Coroner: Don Cornelius death a suicide
Coroner’s officials on Tuesday ruled Don Cornelius’ death a suicide, nearly a week after the “Soul Train” creator and host was found with a gunshot wound to the head.
The agency made the determination after conducting an autopsy on Cornelius’ body Friday. Investigators are still awaiting the results of toxicology tests before issuing a final report.
Police quickly ruled out foul play after responding to Cornelius’ Mulholland Drive home early on the morning of Feb. 1. His son had alerted authorities after receiving a call from his father.
Cornelius, 75, started “Soul Train” in 1970 and it became one of the longest-running syndicated shows in history, introducing audiences to many top music acts and providing a never-before-seen TV platform for black culture. The popular host was honored Saturday in Harlem with a lively celebration in tribute to him and the wide-ranging influence of his show.
Book critic’s scathing review wins hatchet job award
A critic who accused a Pulitzer Prize-winning novelist of scattering literary allusions like “tin cans tied to a tricycle” has won a prize for the year’s most lacerating book review.
Adam Mars-Jones’ review of Michael Cunningham’s novel “By Nightfall” was named the winner of the Hatchet Job of the Year Award, according to the Associated Press.
The review condemns the novel’s pretensions, saying it is “filled with thoughts about art, or (more ominously) Thoughts about Art.”

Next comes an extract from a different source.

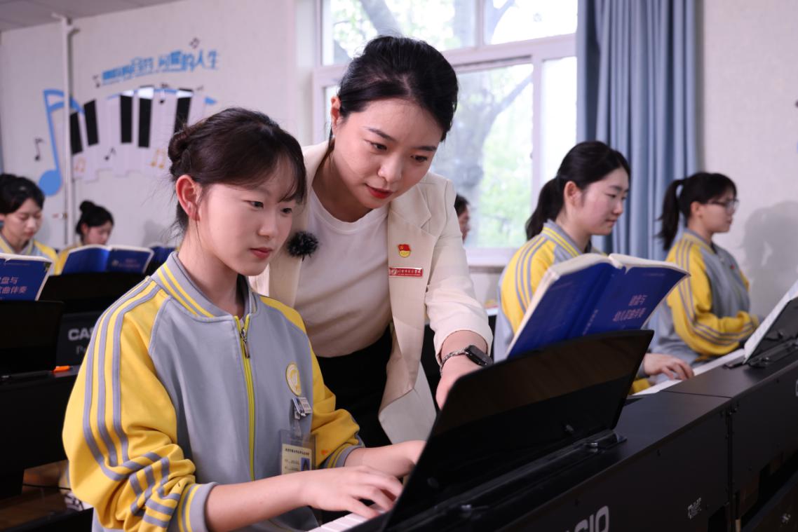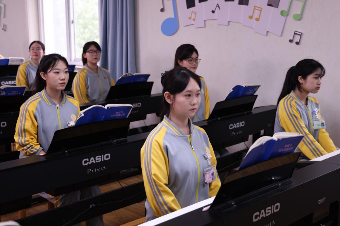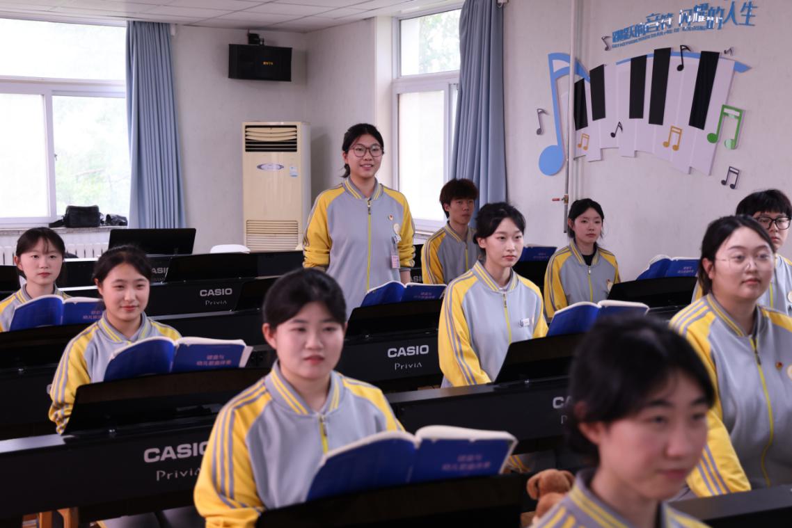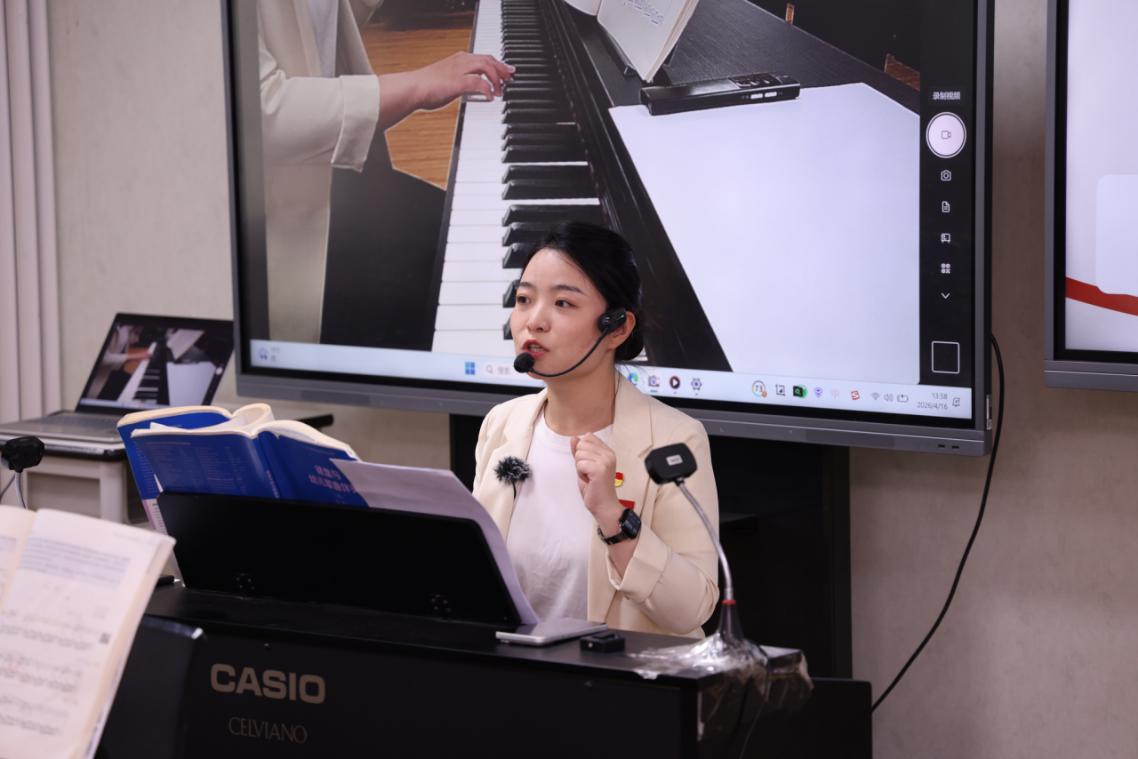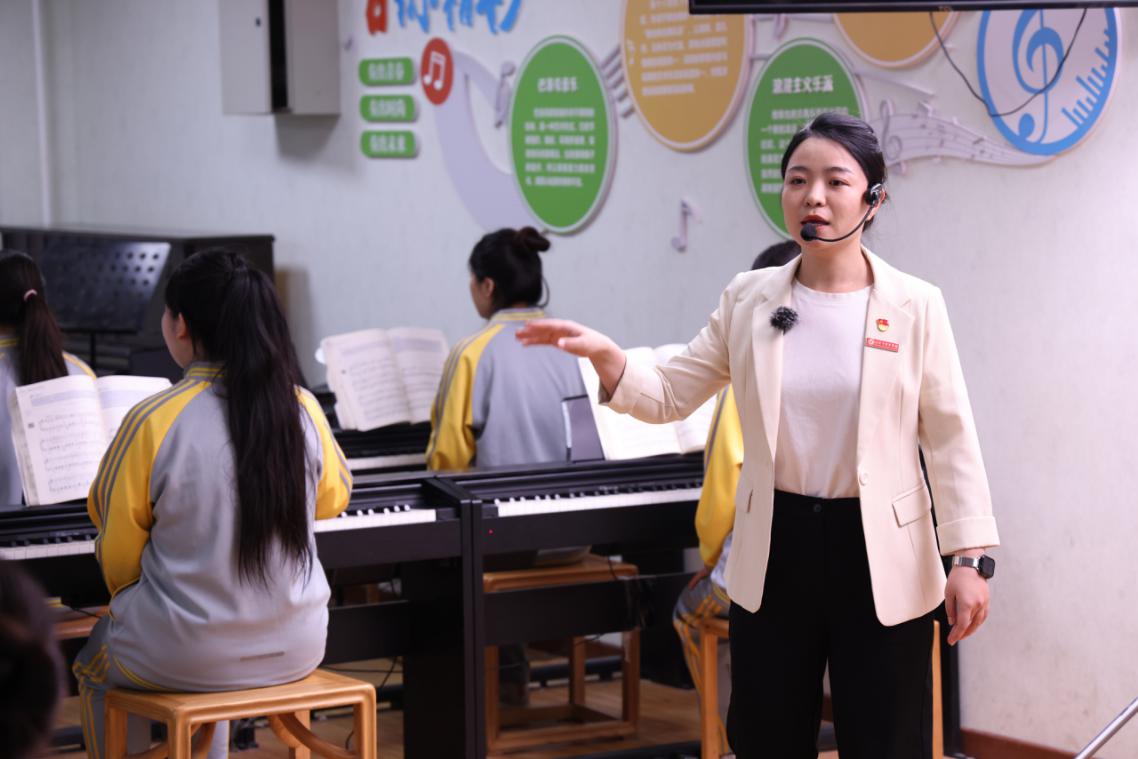 聚焦岗位需求,学生们以助教“小老师”的身份深度参与学习中,通过分析-理解-表现的阶梯式学习路径,解码音符符号的文化价值、感受音乐作品的情感脉络、释放音乐作品的表现张力,在合作探究中真切体悟课堂之美与音乐之美交融共生的独特意蕴。

Mr. Mars-Jones, a British-born novelist, was awarded a golden hatchet and a year’s supply of potted shrimp at a ceremony Tuesday in London.
The U.K.-centric prize was established by review aggregating website the Omnivore to honor “the angriest, funniest, most trenchant” review published in a newspaper or magazine in 2011.
Gibson likely won’t testify in deputy’s discrimination suit
A civil jury likely will not hear directly from Mel Gibson about the night of his drunken driving arrest because his testimony doesn’t appear relevant to a deputy’s claim that he was discriminated against because of the traffic stop, a judge said Tuesday.
In a series of tentative rulings, Superior Court Judge Barbara Scheper said she likely will block attorneys for Deputy James Mee from showing the jury a video of Mr. Gibson being booked into jail and a 30-second TV ad he made supporting the Los Angeles County Sheriff’s Department three years before his arrest.
Deputy Mee, who is Jewish, claims he suffered religious discrimination at the hands of his superiors after arresting Mr. Gibson in 2006, and that he was ordered to remove the actor-director’s anti-Semitic rants from a report.
He claims he was passed over for promotions and suffered other reprisals because of the case and that he was personally offended by Mr. Gibson’s remarks.
Mr. Gibson’s work as a spokesman for the department helps explain “the circumstances that serve as a backdrop to the harassment and hostile work environment that Deputy Mee suffered,” his attorneys wrote in a court filing.
Mr. Gibson “wasn’t just another arrestee. He was the ’public face’ of the department,” the documents state.
Judge Scheper also says she won’t allow Los Angeles County Sheriff Lee Baca to testify during the case unless there is some evidence he ordered actions against Deputy Mee.
Judge Scheper said she will make final rulings in the case on Tuesday, with jury selection expected later next week. Unless she alters course, jurors will hear little about the events during and immediately after Mr. Gibson’s arrest.
“In my view, it’s what happened after this gentleman was arrested” that is crucial to the case, Judge Scheper said.
• Compiled from Web and wire service reports.